- ASSIGNED TASK: The full listing is to be returned exactly as given, but without pictures.

*** THE DATA

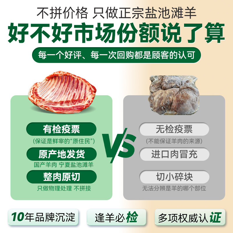 羊排新鲜4斤整排宁夏盐池滩羊肉冷冻羔羊整扇羊小排烧烤手抓羊肉
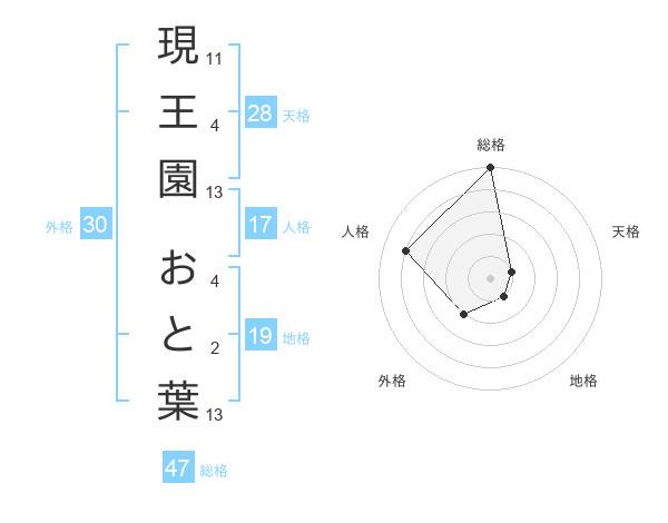 現王園 おと葉さんの総格は47画の5点!
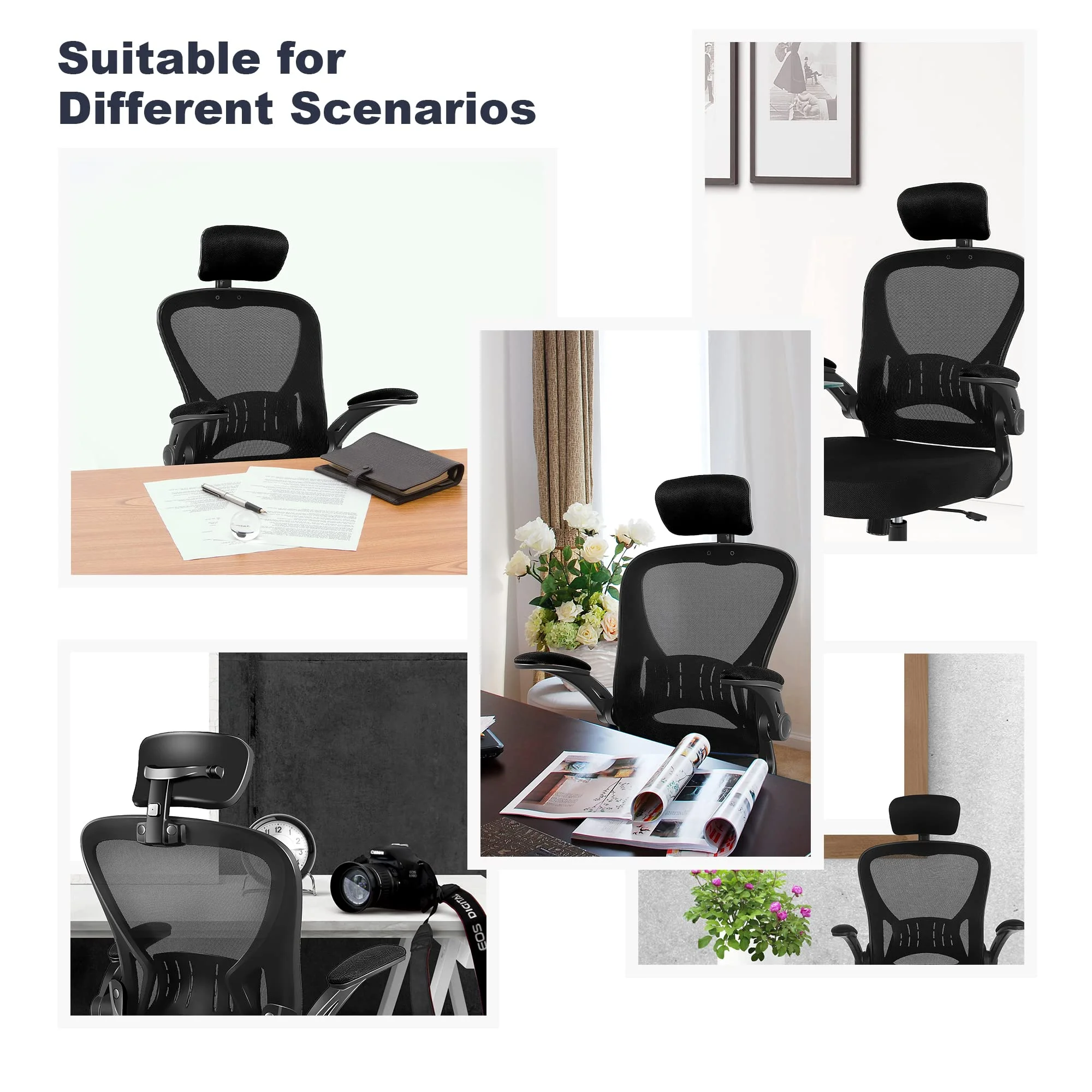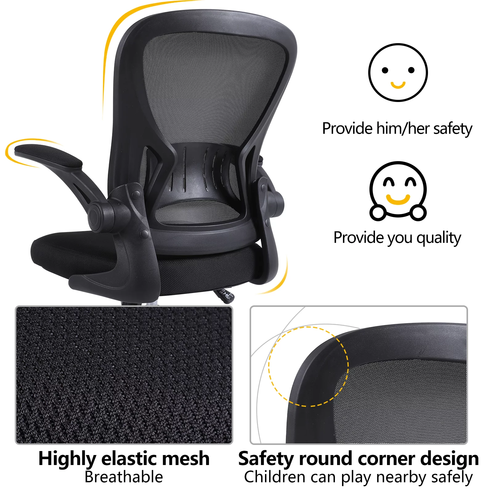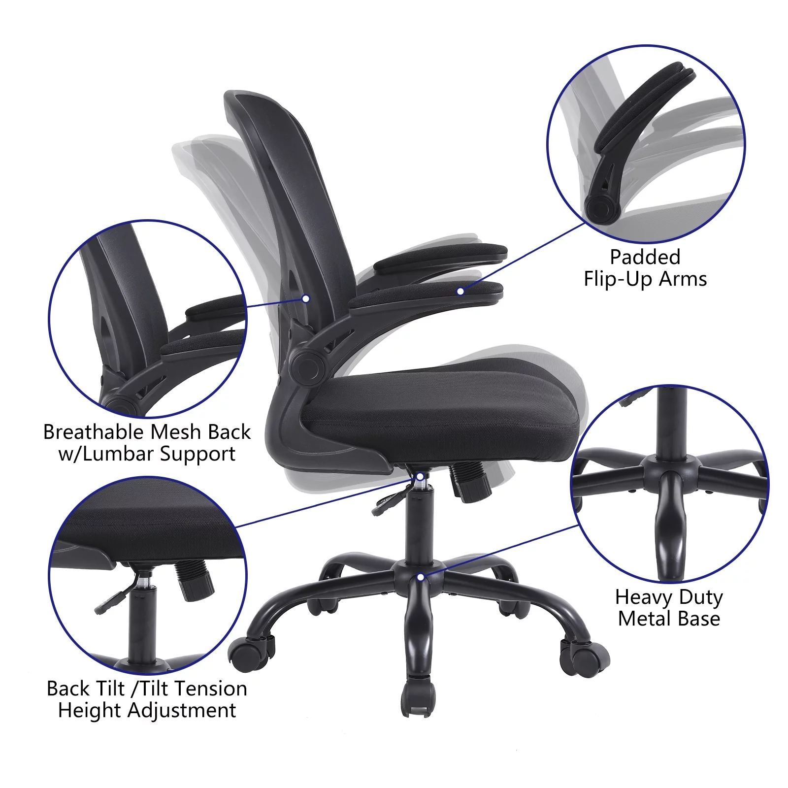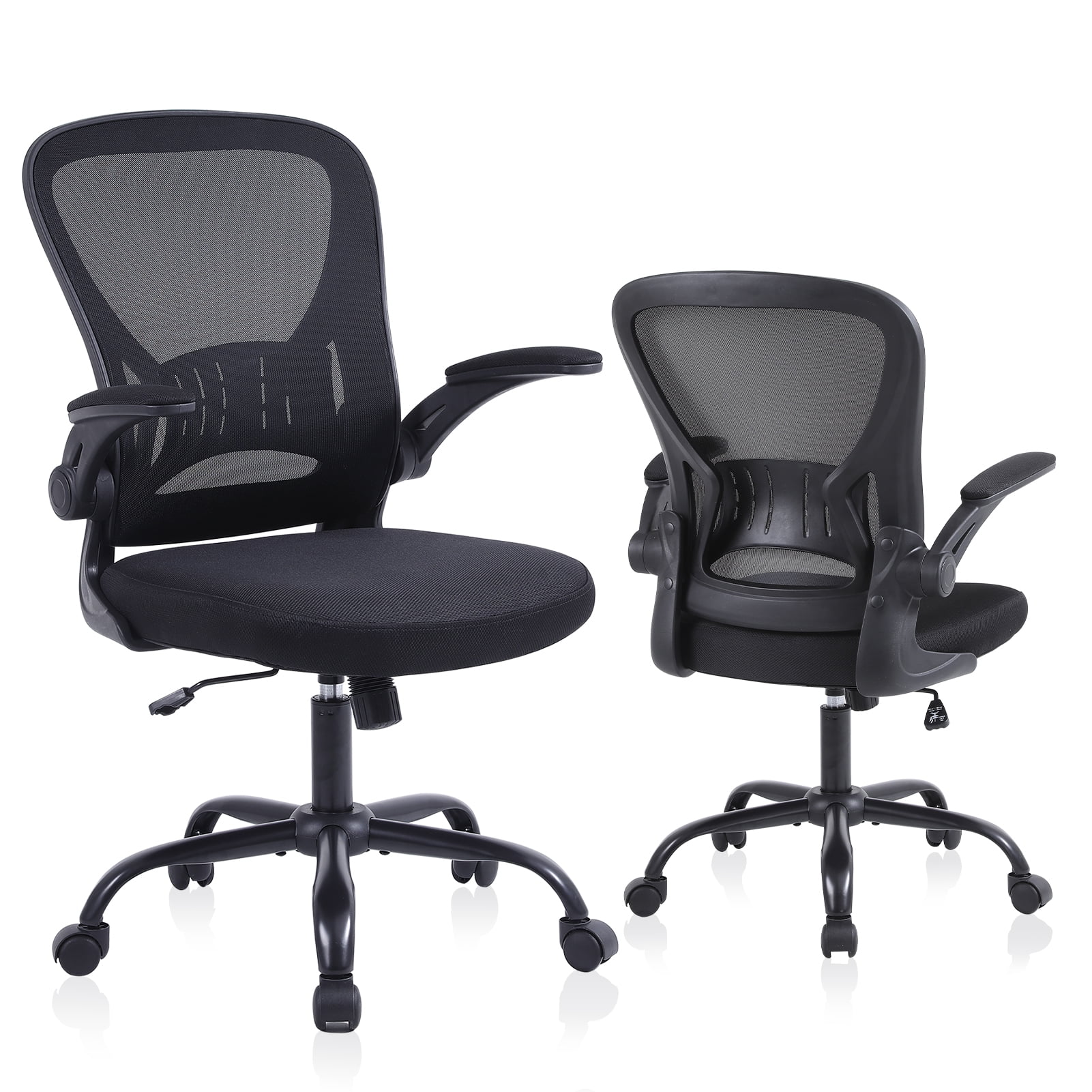 Flysky Ergonomic Office Chair, Home Office Desk Chair, Mesh Swivel Task Chair with Lumbar Support and Adjustable Flip-up Arms, Black

******

- TASK RESPONSE:
 羊排新鲜4斤整排宁夏盐池滩羊肉冷冻羔羊整扇羊小排烧烤手抓羊肉
 現王園 おと葉さんの総格は47画の5点!
 Flysky Ergonomic Office Chair, Home Office Desk Chair, Mesh Swivel Task Chair with Lumbar Support and Adjustable Flip-up Arms, Black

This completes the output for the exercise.